Kalalau hid them and fed them, but Kalalau could not heal them. Kaleimanu died first. When Ko‘olau passed, Pi‘ilani stayed hidden for another month before climbing the cliffs to the place that is now Koke‘e State Park, where I snuggle by the fire. From Koke‘e, Pi‘ilani descended the mountain to the ocean town of Kekaha and her family, nearly four years of story wrapped
in her worn-out clothing and tattered heart.

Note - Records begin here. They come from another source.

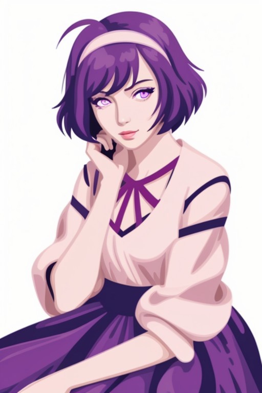 1girl, solo, hairband, short hair, purple hair, upper body, simple background, white background, purple eyes, purple hairband, :<, blush, looking at viewer, pink eyes, red eyes, shirt, jewelry, alternate costume, dress,, zPDXL3, PnyCmicXLPOS, detailxl, (lineless, vector art:1.5), sitting
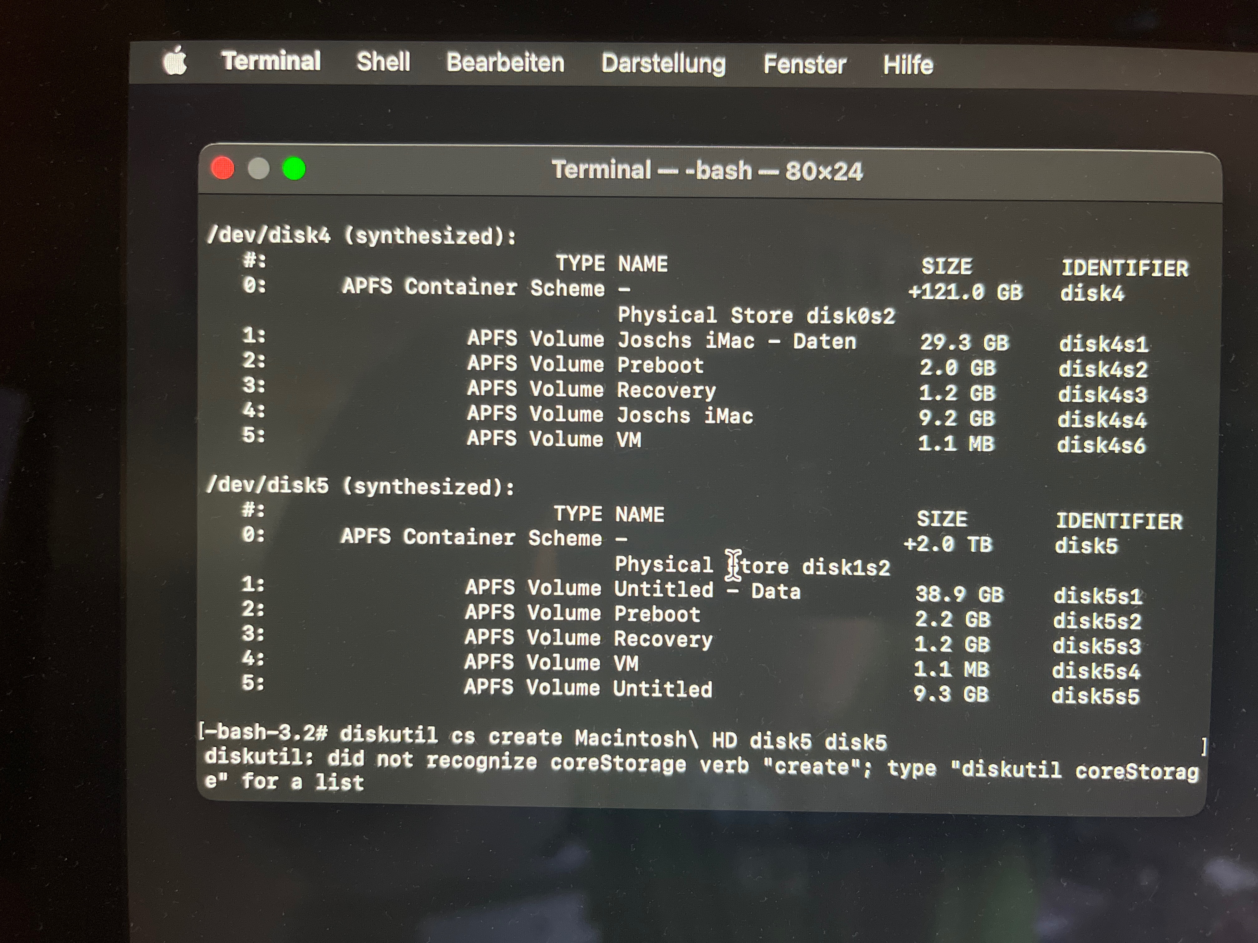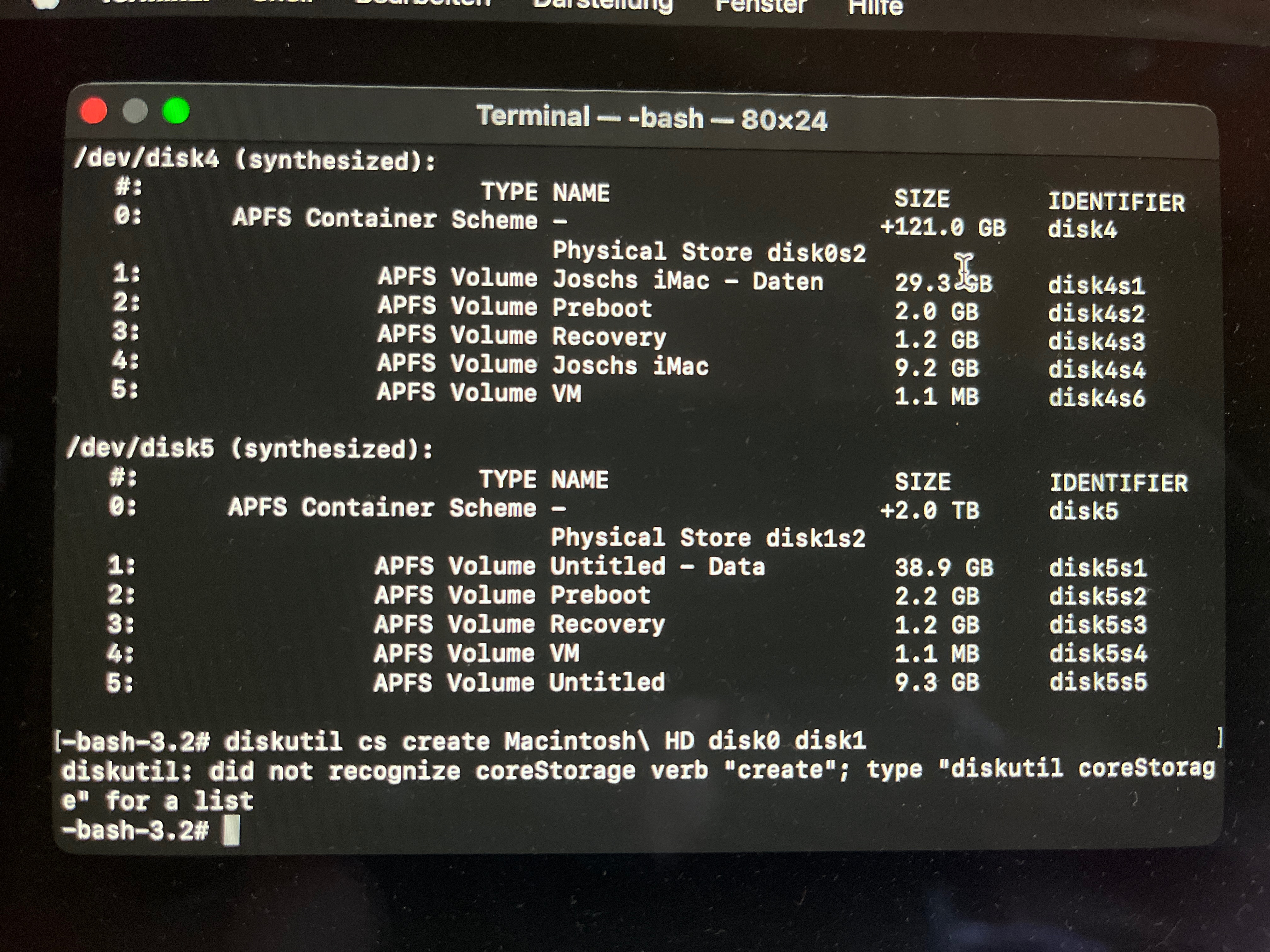 Und der Befehl „Diskutil CS Create Macintosh\ HD Disk0 Disk1“ funktioniert nicht. Oder habe ich hier was falsches eingegeben?
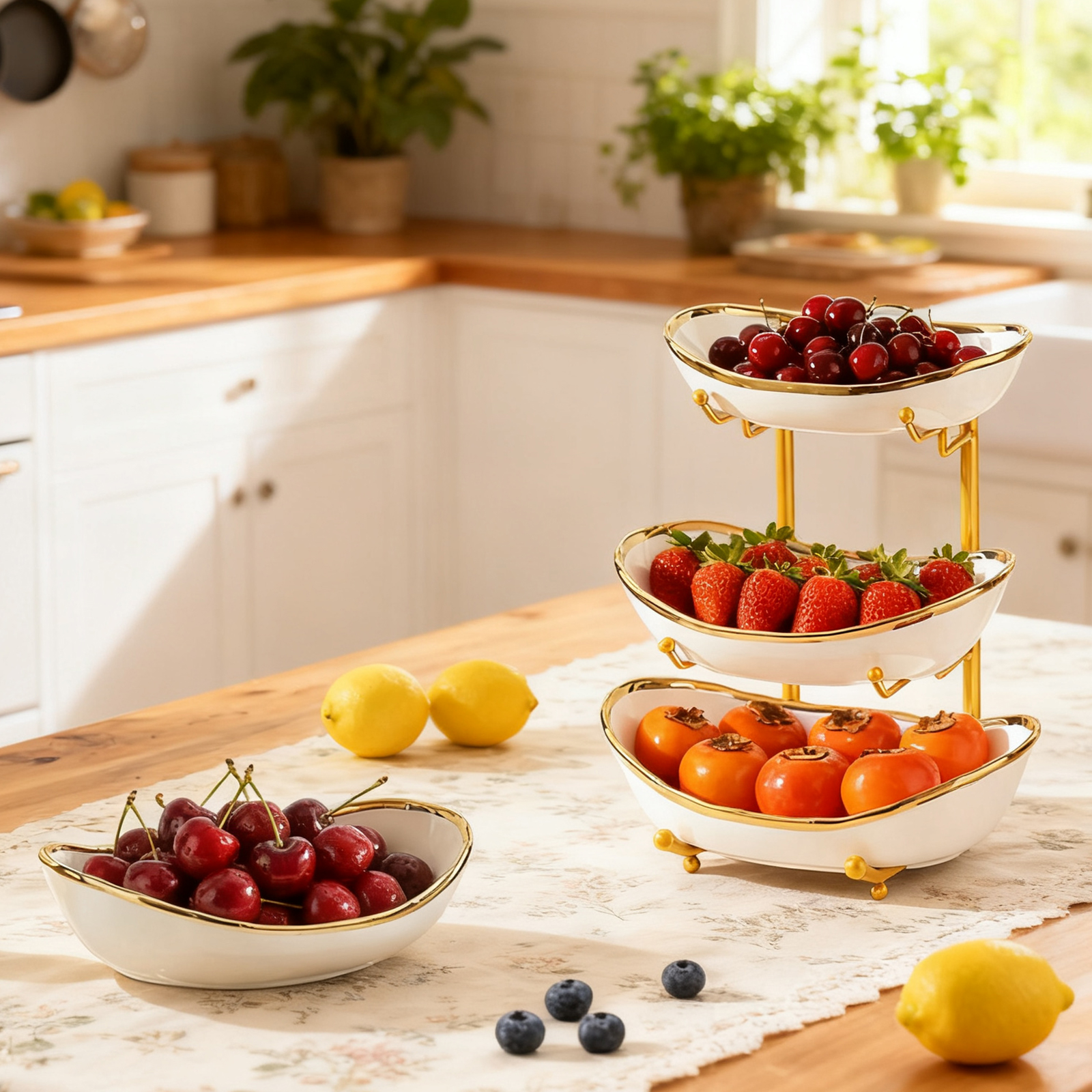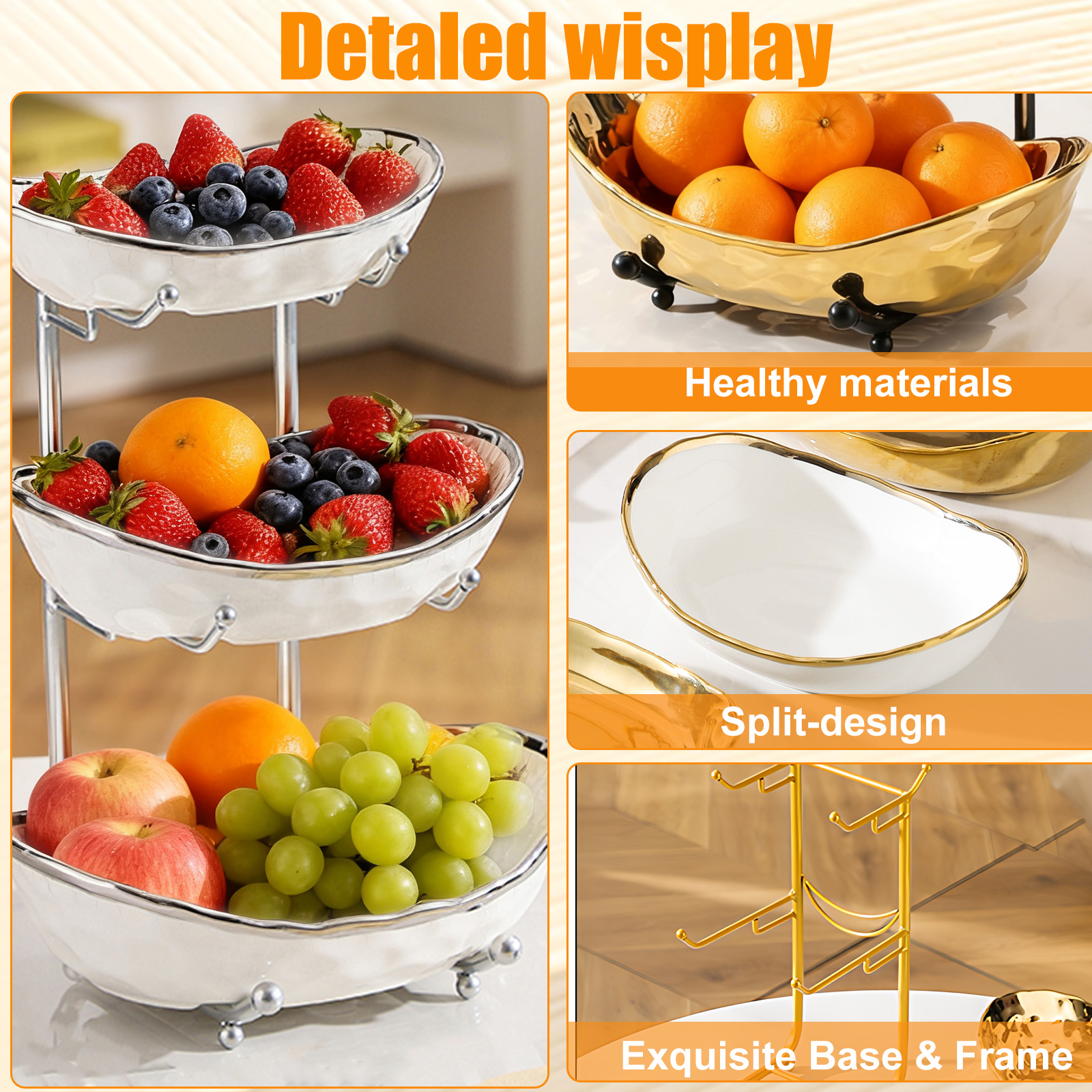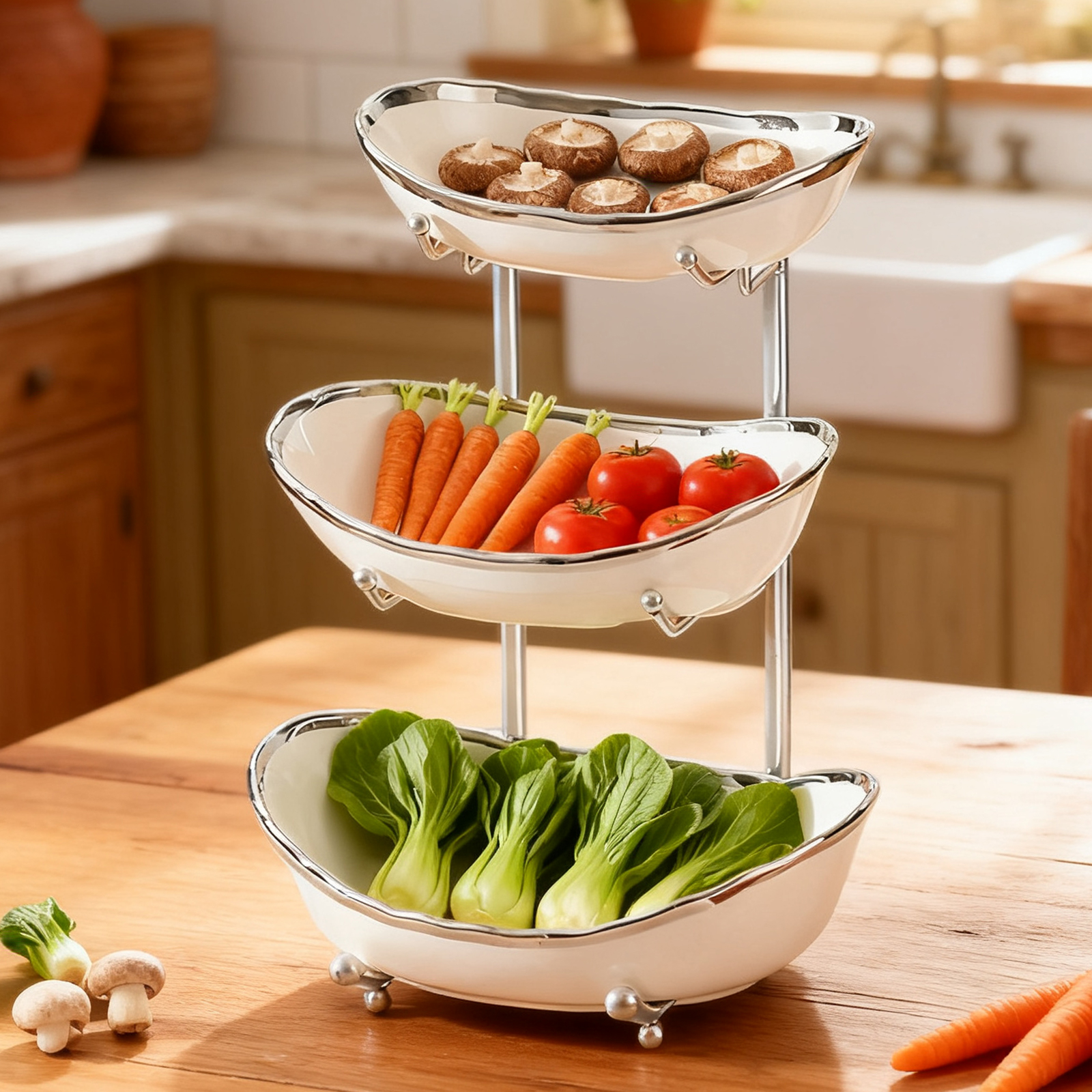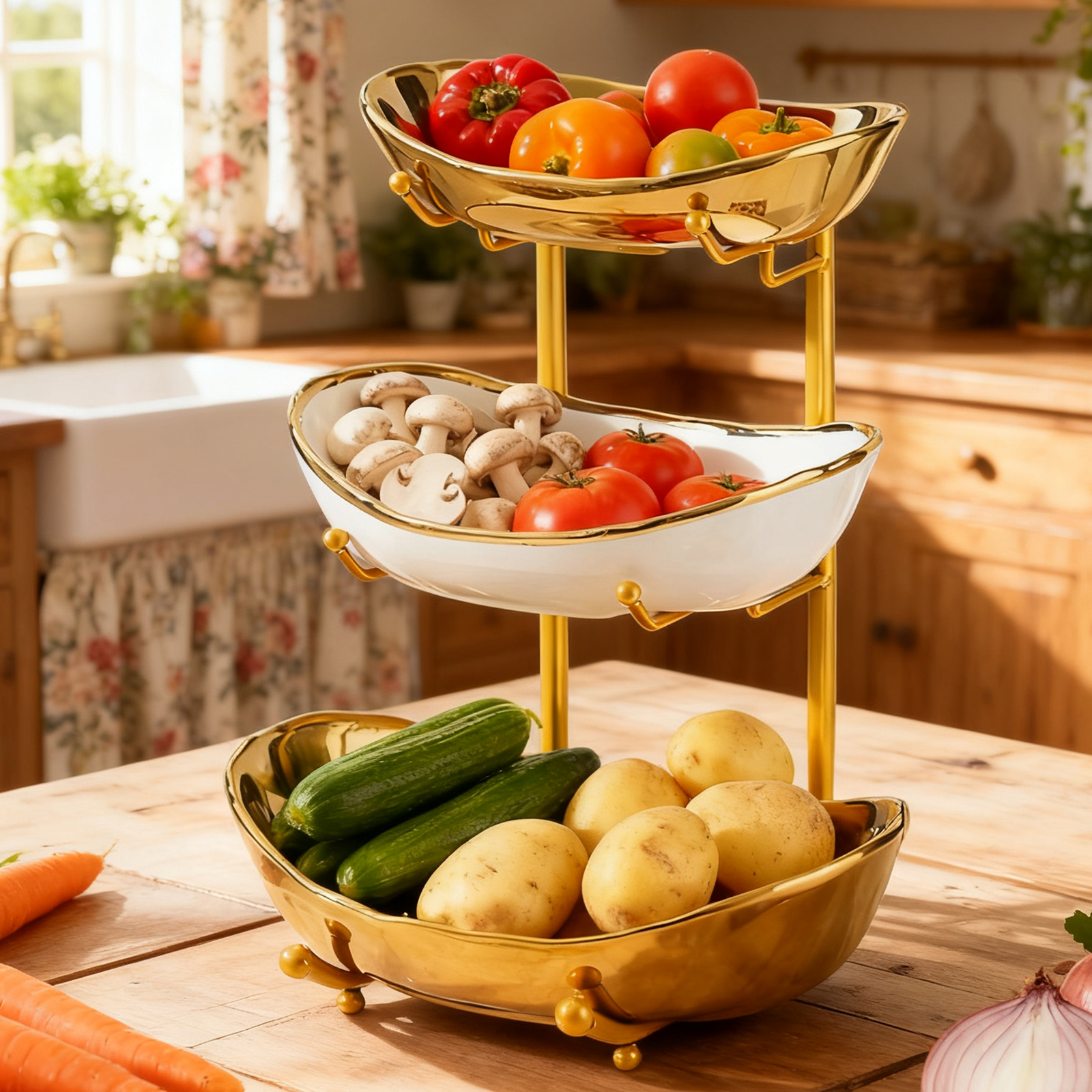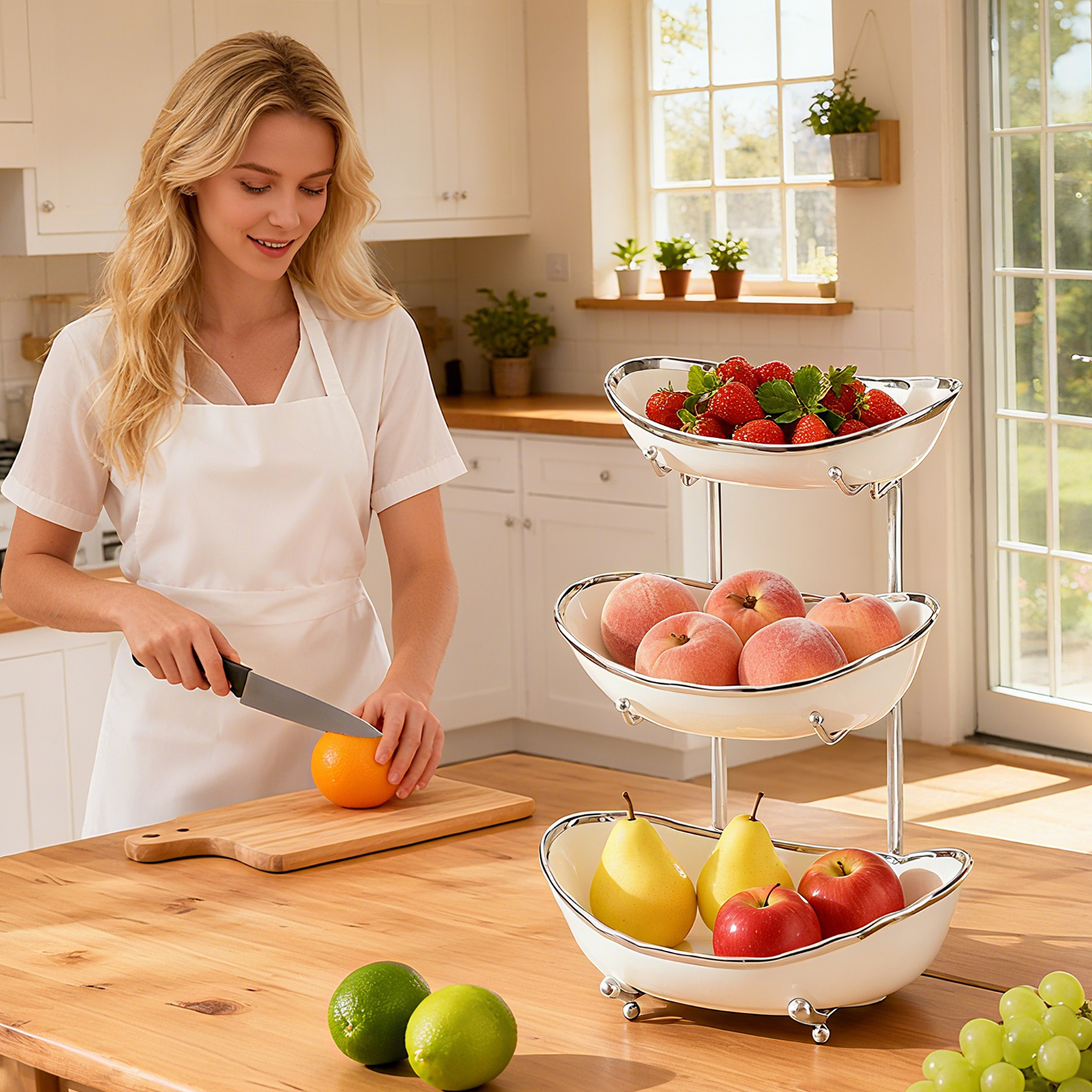 Porcelain & Iron Fruit Baskets Solid Set

She did not disclose the location of Ko‘olau’s body. Despite efforts of lawmen to find him, to this day he lies protected by silence. As does Pi‘ilani—only her family knows the place of her burial. Who else needs to?
Home. I am older than 45 now, and I never led that small group of women into Kalalau to write. My interests shifted, moved inward toward spirit, and no longer do I want to risk taking others into backcountry places. The risk lies not so much in the physical challenges, but in facing despair when people misunderstand the land.
While the Clan of the Shirtless and the Dread Heads occupy Kalalau for weeks at a time (illegally), the valley is no longer (legally) inhabited by Hawaiians. But there are eons of story within those folded cliffs—Pi‘ilani, Ko‘olau and Kaleimanu being only three among the generations of Hawaiians who have lived and died there since the beginning. Merwin writes, “Mr. Fornander said/that the story is all that we have when things are over/the story begins as an echo of what went before/but then it is only the story we are listening to.” As with anywhere in Hawai‘i, the ‘äina holds the voice and the iwi, the bones of its people—it holds the story.
Today I want to go into Kalalau simply to listen. When weather allows. 
KATHRYN WILDER paddles with Lae‘ula o Kai canoe club on Maui, and teaches writing in between immersions into wild places.